Change the behavior of a function in closure


I have to upgrade a small private function in a 1500 LoC JS module, written in The Revealing Module Pattern.

Simplified task looks like this:

var module = module || function (){

    function init(){
        // you can upgrade init anyhow to be able to replace private_method later in runtime

        (function not_important(){console.log("I do some other stuff")})()
    }

    function public_method(){
        private_method()
    }

    function private_method(){
        console.log("original private method")
    }

    // you can add any methods here, too

    return {
        init: init,
        public_method: public_method,
        // and expose them
    }
}()


/** this is another script on the page, that uses original module */
module.public_method()  // returns "original private method"

/** the third script, that runs only in some environment, and requires the module to work a bit different */
// do any JS magic here to replace private_method
// or call module.init(method_to_replace_private_method)
module.public_method()  // I want to see some other behavior from private_method here

I have studied
Accessing variables trapped by closure
how to get an object from a closure?
questions already, which looks like most relevant to my task, but without success.

The only working solution I found is to rewrite function private_method(){} to this.private_method = function(){...} which binds it to the window, so I can change it in runtime.

But I don't go this way, because the method becomes not private anymore, and I can't predict what may become broken in the old 100000 LoC spaghetti monster app, written in old-style ECMAScript 5.

UPDATE
This is the answer on https://stackoverflow.com/a/65156282/7709003 answer.

First of all, thank you for the detailed answer, T.J. Crowder.

this is usually called monkeypatching

Holy true.

You can't, unless you expose that private in some way.

Right. I just don't want to expose the method right into the window scope. I thinks the solution could be more elegant.

it appears you can change the source code

Well, as you already have noticed, this is confusing, but point is, I'm not yet sure myself. I have to keep the default module behavior, but I hope I can extend the module a bit, to help to apply this monkey patch.

If you want the full story, there is an IoT device, running the WebApp, which uses the module we discuss to translate the microcontroller registers state into a DOM view. Let's call it registers_into_view module.
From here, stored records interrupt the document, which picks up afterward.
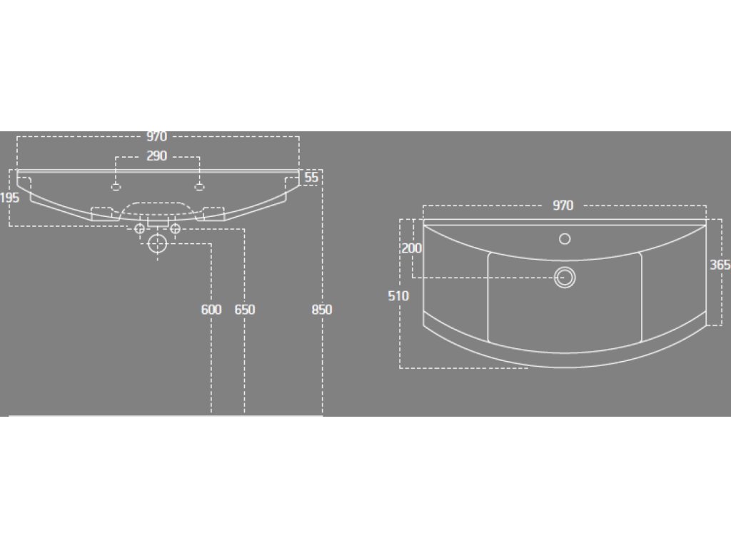 Aqualine ZERO 97 keramické umyvadlo nábytkové 97x51cm, bílá 6095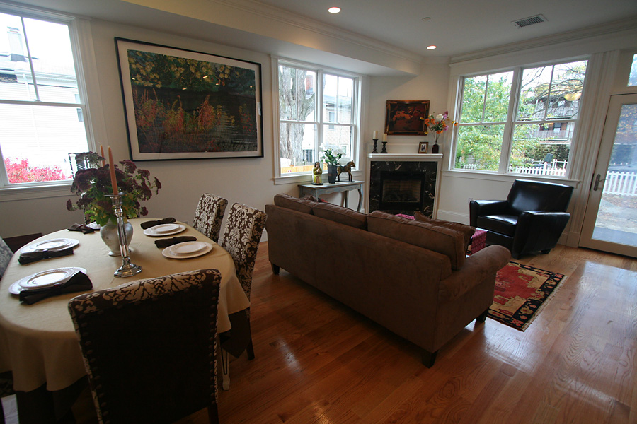 while i was there i met mike, who was moving to boston from philly with his girlfriend. she was coming up next week to take a look at the place. he was taking photos with his iphone and mailing them to her. since i live nearby, i had some insight on the neighborhood which i was happy to share with him. he was thinking about marriage and possibly kids ("in 10 years time," he said), and i told him he was better off living in the suburbs (like belmont) for the finer schools and more family-friendly environment (he said he wasn't ready to give up the city life just yet). in talking with him i quickly got the sense that he was in an entirely different income bracket, since he and his girlfriend also own 2 more homes in philadelphia. the units are definitely priced to move, since a 1600 square feet 2 story condo 2 houses from me was selling for $600k (as far as i know, it's still unsold, and now the owners have become reluctant renters). i said good bye to mark before i left, who added, "tell all your rich friends about this place!"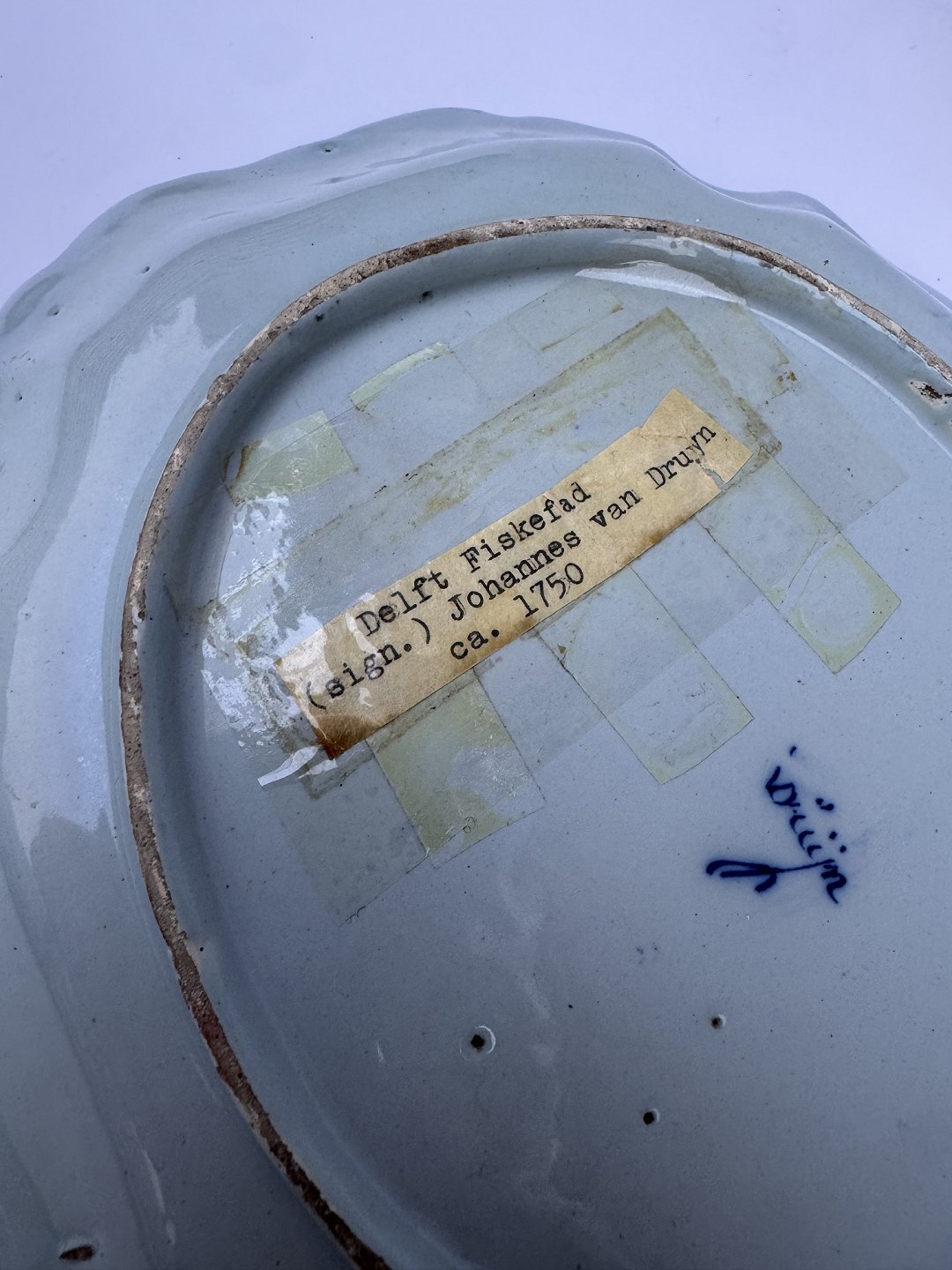 BLÅ BLOMSTER DEKORATION: Delft fajance fiskefad fra den nederlandske fabrik van Duyn fremstillet omkring 1765. Fremstår i god stand med alders relaterede brugsspor rundt på kanten i form af små overflade afslag i glasuren (se mange fotos). Der udover ingen skader eller reparationer. Fabriksmærket på bunden samt gammel label med dansk tekst. Mål:H.3,4 cm, L. 23,3 cm, D. 20,9 cm

By copying the same module, a web-server was created, which:

  • receives a microcontroller memory dump
  • the copy of registers_into_view module creates a model View (which normally should happen on the Frontend)
  • sends the View a form of JSON

By extending the same WebApp, the "Cloud" web-app was created, which:

  • neglates existing registers_into_view module, but instead
  • receives the View data from the backend
  • applies it directly into DOM

Normally, I would refactor the whole architecture:

  • delete the copy of registers_into_view module on the backend
  • reuse existing registers_into_view module on the frontend

But the company A, that uses the stack, refuse to do so. The existing schema works for 6 years for them. In fact, their managers avoid big changes, coz the company B, that had created this software, charge a lot of money for the work. So they have no motivation to refactor.

Well, I have. I work for company C and we're going to sell same IoT devices.
We also want to use the existing Frontend WebApp.
For this needs, I extend our existing IoT server to support those devices and their frontend.
So I have to copy another server API contracts, using another language and framework.
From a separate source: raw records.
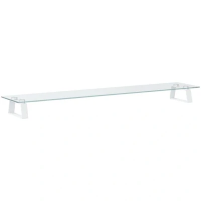 General description This practical monitor stand with a minimalist design will add a modern touch to your living space. The computer stand is made of tempered glass and metal, making it exceedingly sturdy and stable. It raises your monitor up to eye level for a comfortable ergonomic viewing experience, relieving strain on the neck, shoulder, and back. The storage space underneath this monitor riser can accommodate your keyboard, DVD player, gaming console, streaming device, receivers, media carriers, notebooks, pens, and similar items, helping to organize your desk and increase efficiency. The smooth rounded corners ensure safety during use. Technical specifications Colour: White Material: Clear tempered glass, metal Overall dimensions: 100 x 20 x 8 cm (L x W x H) Leg dimensions (each): 16 x 3 x 6.5 cm (L x W x H) Glass thickness: 5 mm Max. load capacity: 10 kg Assembly required: Yes Other information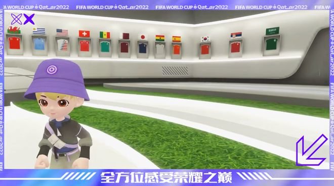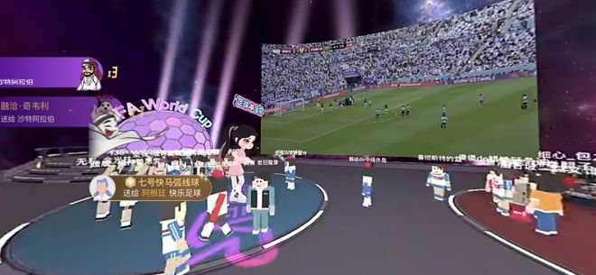 用户通过元宇宙世界中的交互场景,可以沉浸式地获得赛事观看,不仅与世界杯同频在线,更拉满氛围与仪式感,随时随地的身临其境。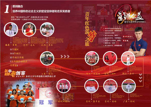 与共青团贵州省委共建“贵州省青年创新创业研究中心”为贵州青年学子创造优质平台:组织4场青创沙龙及6场青创讲座,服务全省青年2万余人;承办贵州省青少年机甲大师对抗赛,完成公益夏令营二十期,并列入“贵青杯”;与大疆共建全国首个steam师资培训基地;承办省科协全省中小学steam教师培训;在政务云搭建“青创云课堂”,点击量超20万次……“科创融合”育人成效亮点纷呈。

Now, instead of recreating 1500 LoC registers_into_view module, that runs on the backend server, I think to import already existing registers_into_view module into a "Cloud" WebApp and monkey-patch it to retreive registers data from JSON instead of a memory dump (our private_method).

The intrusion should be as little as possible, to higher chances to my patch to be merged.
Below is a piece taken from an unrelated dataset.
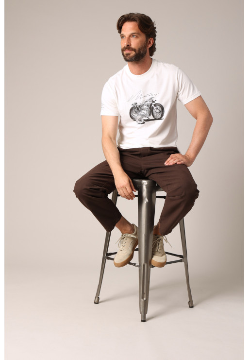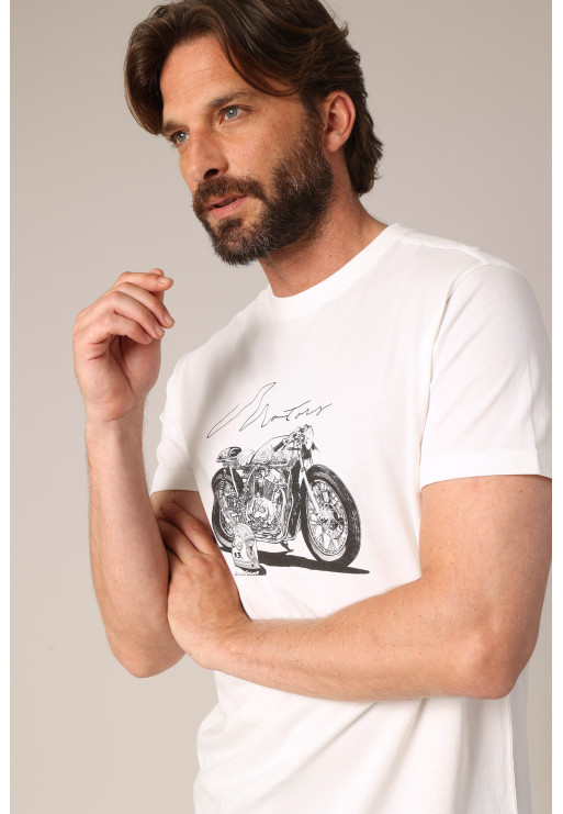 Retro style motorcycle print T-shirt, round neck and straight cut.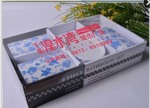 Blue bathroom cleaning utensils4 pieces ceramic bone bathwashtoothpastestoothbrush seat fertilizer disk

Now I hope my motivation is clear enough. I find it not so interesting to everybody and so tried to clean the programming task from the context.

Let's get to solutions.

Solution 2 of yours

I cannot change the public_method of the module, because in reality it runs ~50 other private methods, which all call retreive_data_method just with different requests and put results in a different places in DOM.

Solution 1

Works like a charm. So simple and elegant. I will just simplify it a bit to my needs:

var module = module || function (){
    function public_method(){private_method()}
    function private_method(){console.log("original private method")}
    return {
        public_method: public_method,
        
        // this function allows to update the private_method in runtime
        replace_private_method: function(fn) {
                // Function declarations effectively create variables;
                // you can simply write to them:
                private_method = fn;
        }
    }
}()

// original behavior
module.public_method()

// patching
module.replace_private_method(function() {console.log("I've been monkey patched")});
// new behavior
module.public_method()

Instead of direct replace, as in your solution, I've tried to save the module context in some exposed variable and find the private method via it. Which didn't work.

Thanks.


Solution

  • I have to upgrade a small private function in a 1500 LoC JS module, written in The Revealing Module Pattern.

    I take it you mean you have to do this at runtime, from outside the "module" function. This is usually called "monkeypatching."

    You can't, unless you expose that private in some way.

    The only working solution I found is to rewrite function private_method(){} to this.private_method = function(){...} which binds it to the window, so I can change it in runtime.

    If you can do that, then it appears you can change the source code (leading me to this question on the question).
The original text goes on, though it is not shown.